▸ Assignment: With pictures left out, return only the lines from the line containing "پوستر پانزدهمین جشنواره خوشنویسی ملی رضوی" through the end of the material below, both included.

▸ Material provided:
• • • •

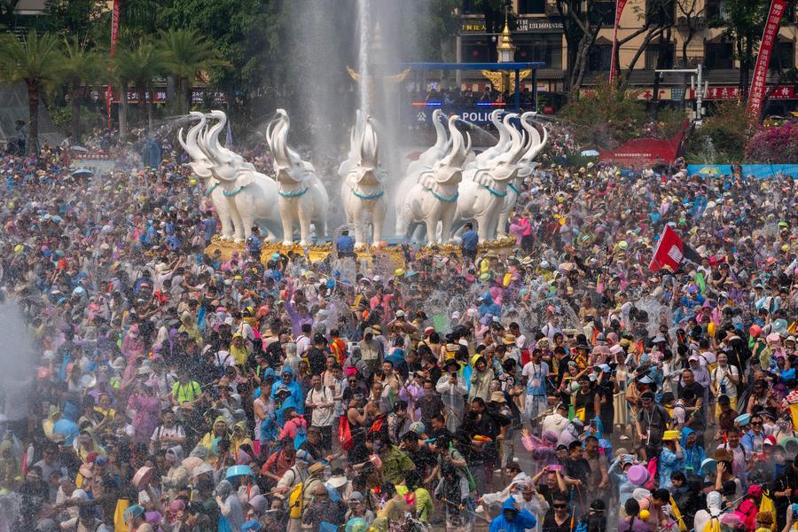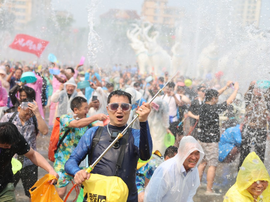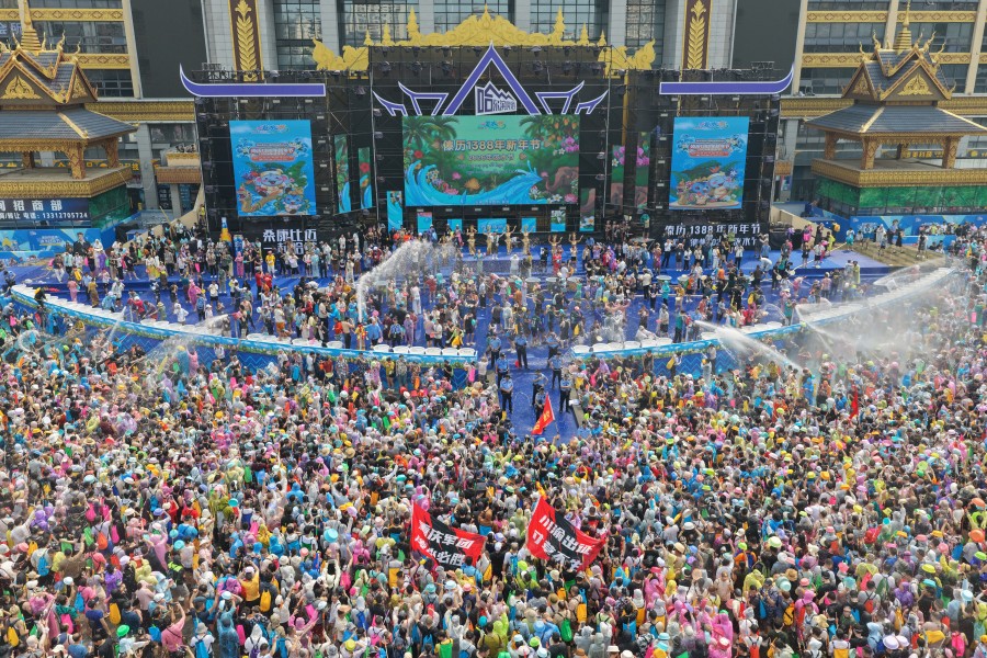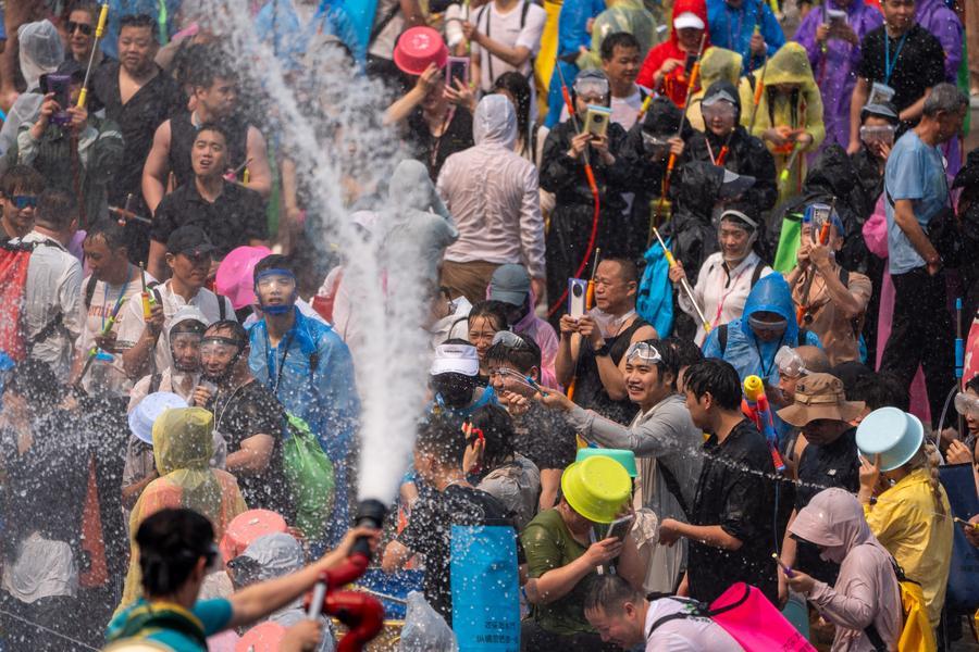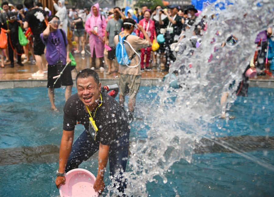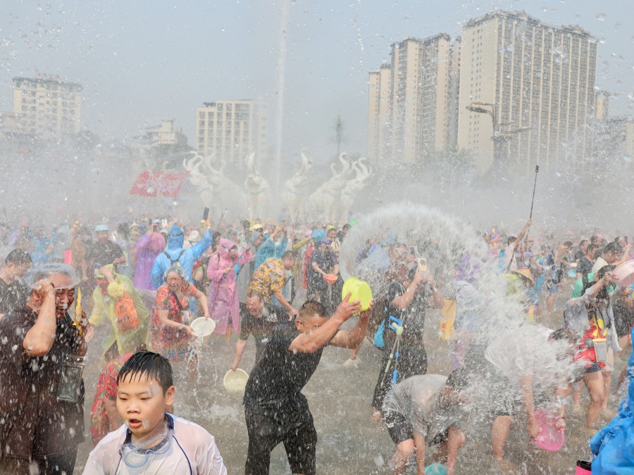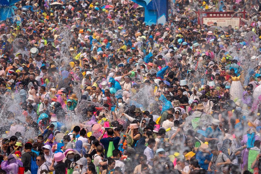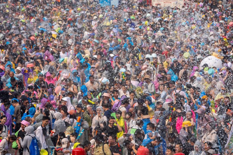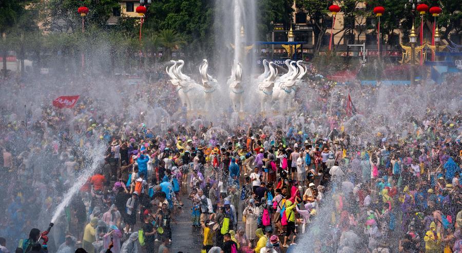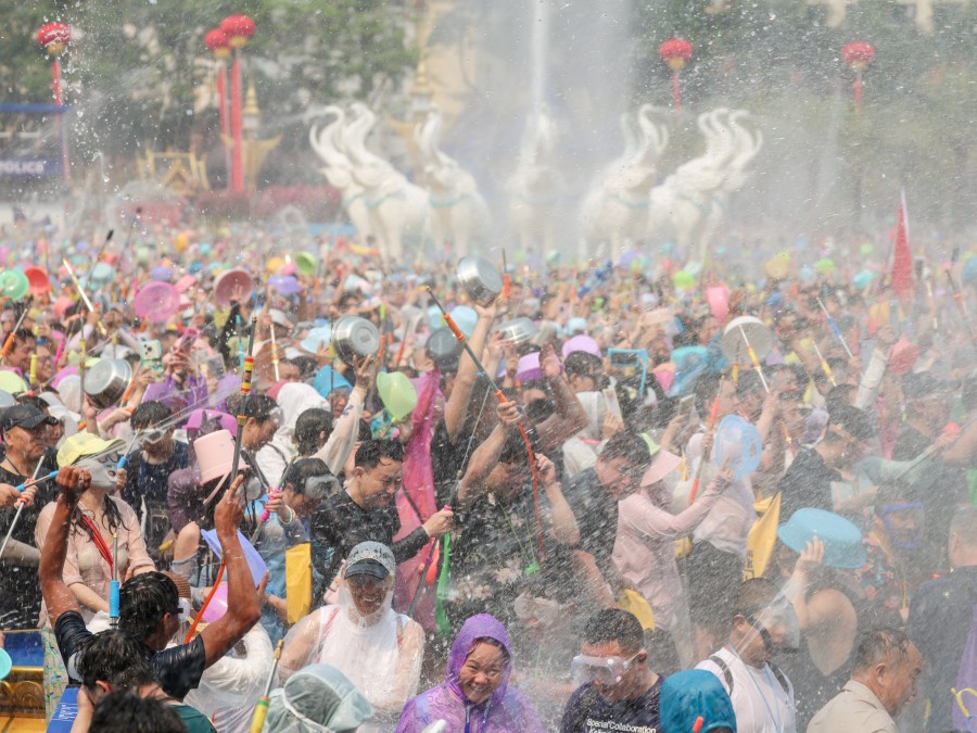 【新華社景洪4月17日】中国雲南省西双版納(シーサンパンナ)ダイ族自治州で15日、年に一度の水かけ祭りが開かれた。各民族の人々や各地からの観光客が景洪市の水かけ広場に集まり、水をかけ合いながら新年を共に祝った。
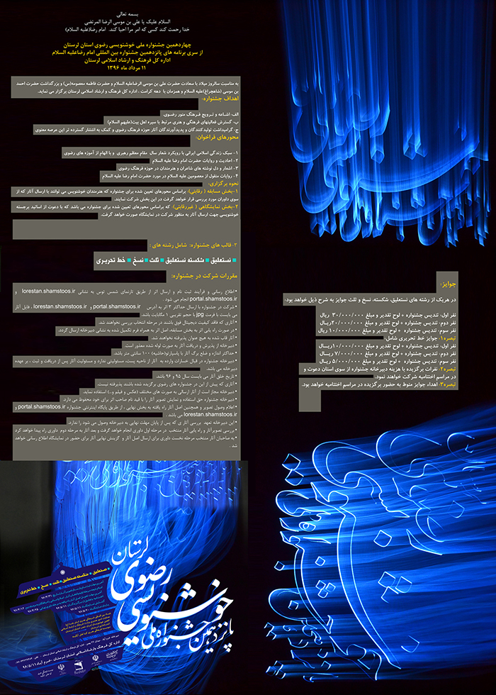 پوستر پانزدهمین جشنواره خوشنویسی ملی رضوی
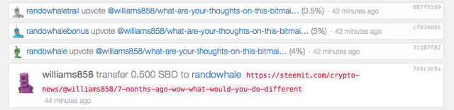 NOTE: Check if Randowhale is awake before voting as your funds will be refunded to you. Check on his page to see if he's sleeping or awake! Almost every time you will receive more than your 0.5 SBD. At times it can be tripple when his power is at a high level! there are no limits to how many times you can use, BUT only once per post!

• • • •

▸ Output of the task:
 پوستر پانزدهمین جشنواره خوشنویسی ملی رضوی
 NOTE: Check if Randowhale is awake before voting as your funds will be refunded to you. Check on his page to see if he's sleeping or awake! Almost every time you will receive more than your 0.5 SBD. At times it can be tripple when his power is at a high level! there are no limits to how many times you can use, BUT only once per post!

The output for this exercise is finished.